Das kostet am Anfang vielleicht sogar noch mehr Geld. Aber durch den Abbau der stationären Betten und der Reduzierung der Medikamente kann es langfristig zu Kostensenkungen kommen. Mehr dazu...

Beispiel Verbesserung der Strukturen bei der Finanzierung:
Momentan gibt es in Deutschland 134 gesetzliche Kassen und 48 private Krankenversicherungen. Es herrscht ein harter Konkurrenzkampf, der durch Vertrieb und Marketing hohe Ressourcen verbraucht. Den Versicherten bringt das nur Untransparenz und Ungerechtigkeiten bei den Leistungen und den Beiträgen. Mit EINER Solidargemeinschaft für ALLE könnte ein effektiver Risikosausgleich erreicht werden, der zu stabilen und solidarischen Beiträgen führt. Die Gesundheitsversorgung könnte wesentlich effizienter organisiert werden. Mehr dazu...

Weitere Beispiele hierzu finden Sie in der Infothek und in unseren Projekten.

Was es NICHT ist

Der Name "Mehr Gesundheit für weniger Geld" sorgt manchmal für Irritationen.
Deshalb an dieser Stelle ein paar Sätze dazu, was wir damit NICHT meinen:

1. Mehr Gesundheit für mehr Geld
Wir sind der Meinung, dass mit jährlich 300 Mrd. Euro genug Geld ins Gesundheitswesen fließt. Unserer Wahrnehmung nach werden diese finanziellen Mittel oft nicht sinnvoll verteilt. Die Umkehr der Ausrichtung weg von der Verrichtung zur Ergebnisqualität und mehr Kooperation statt Konkurrenzk(r)ampf (besser klingend: Wettbewerb) würden nachhaltig die Kosten senken.
Eine Erhöhung der Mittel käme vermutlich nicht dort an, wo sie benötigt werden, sondern würden als zusätzliche Gewinne von privatwirtschaftlichen Konzernen (Pharma, Krankenhaus etc.) in den Taschen der Aktionäre verschwinden.
Ein MEHR an Ausgaben würde von uns allen durch Beiträge finanziert und keiner von uns kann wollen, dass diese uferlos steigen.

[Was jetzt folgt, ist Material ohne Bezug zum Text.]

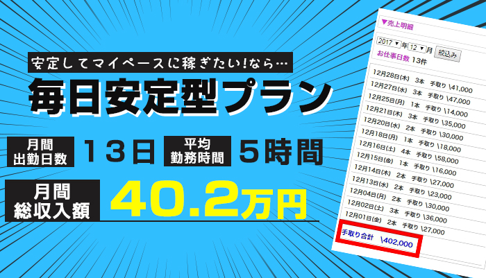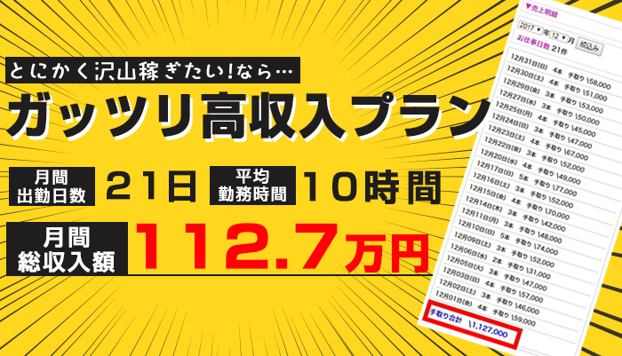 当店は高額バックのお店ではないですが、一日でのお給料単価では他店とは比べれない程に稼ぐ事ができます!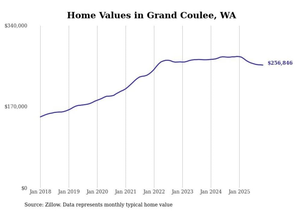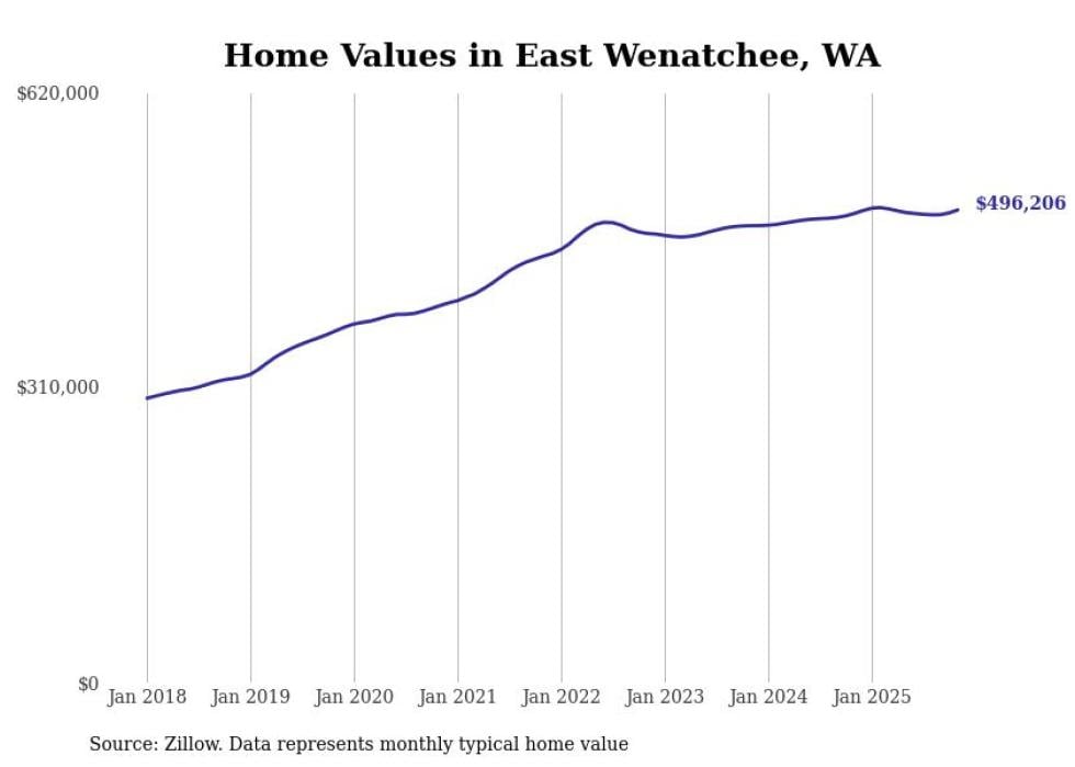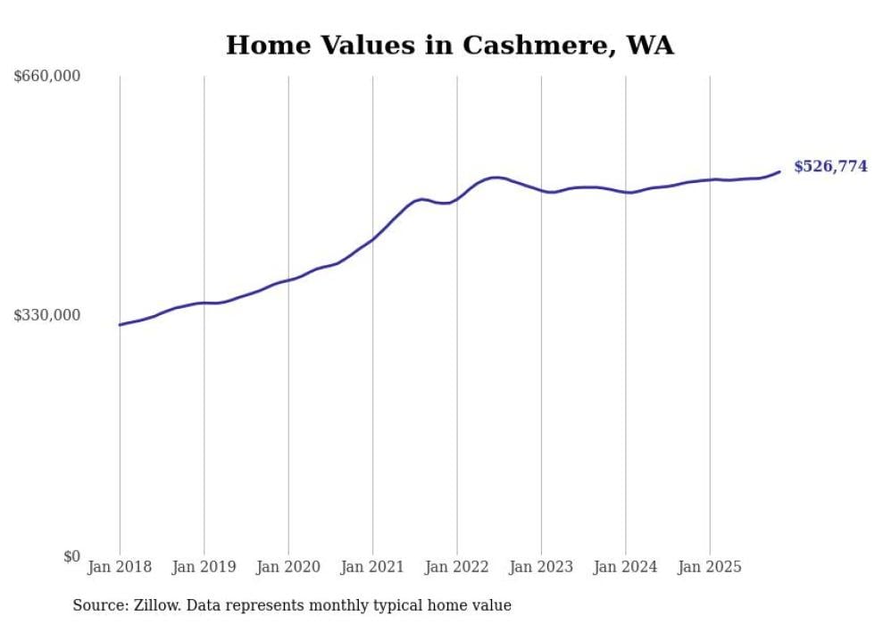 Stacker compiled a list of cities with the most expensive homes in the Wenatchee metro area using data from Zillow. Charts show the monthly typical home value since January 2018. All 20 cities and towns with data available were included in the list.

2. Weniger Gesundheit für mehr Geld
Das ist der aktuelle Trend der Ökonomisierung und Privatisierung im Gesundheitssystem.
„Geld ist nicht mehr Mittel zum Zweck der Versorgung von Kranken, sondern die Versorgung von Kranken wird Mittel zum Zweck der Erzielung und Optimierung von Erlösen“ (Simon).
Das gefällt uns nicht. Und Ihnen?

3. Weniger Gesundheit für weniger Geld
Dieses Vorurteil schlägt uns gelegentlich von Beschäftigen im Gesundheitswesen entgegen, die dahinter unsinnige Sparmaßnahmen vermuten, welche die Qualität der Versorgung senken.